January 28, 1945: Brother Schuppiser was ordained a deacon.
February and March, 1945: [War conditions prevented the holding of meetings.]
April 21, 1945: The city of Freiburg is occupied by Allied troops. The church records were kept hidden from April 19 to July 1, 1945.
April 23, 1945: Brother Becker gave priesthood blessings to the Schuppisers.
June 6, 1945: President Schneider received the first letter from Brother Becker and the answer was received on June 21; thus written communication was reestablished.
July 22, 1945: Brother Schuppiser was ordained a teacher by President Schneider and Brother Becker. . . . The branch can be considered re-created as of this date.
July 24, 1945: Elder Wilhelm Kenneth Firmage from New York visited us. He is a lieutenant in the U.S. Army. He brought greetings from the First Presidency and the prophet, seer, and revelator, Heber J. Grant. [9]

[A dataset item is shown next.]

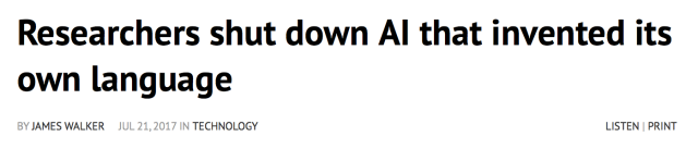 之后,Fast Co. Design和Digital Journal发表文章,强调研究人员在发现AI机器人不再使用常规英语后,紧急“关停”了这一项目。
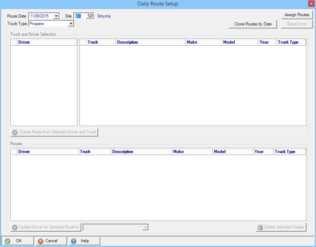 - Clear the Truck and Drive Selection grid by clicking Reset Form.

The LDS branch in Freiberg began the postwar period with four members. By 1948, there would be twenty-one baptisms as a strong branch emerged.
In Memoriam
The following member of the Freiburg Branch did not survive World War II:
Maria Magdalena Elisabeth Gaebler b. Leipzig, Sachsen, 27 Jul 1893; dau. of Gottlieb Bernhard Gaebler and Luise Auguste B. Goldhorn; m. Karl Friedrich Becker; k. air raid Freiburg, Baden, 27 Nov 1944 (Karl Becker; nFS)
Notes
[1] Becker, Karl, Gemeinde Geschichte der Gemeinde Freiburg/
[2] See Strasbourg District chapter.
[3] Becker, Gemeinde Geschichte, 2.
[4] This was likely Berta Stapperfend of Pforzheim, the district Relief Society president.
[5] The town of Mühlhausen was across the river in occupied France.
[6] Becker, Gemeinde Geschichte, 1–2.
[7] Ibid., 3.
[8] It would seem that Rosemarie and her father were not with her mother in the basement of their apartment when Elisabeth Becker was killed. However, Brother Becker wrote that his wife “was praying aloud to God when she was killed and remained a loyal member of the Church to the very end.”
[9] Heber J. Grant died May 14, 1945.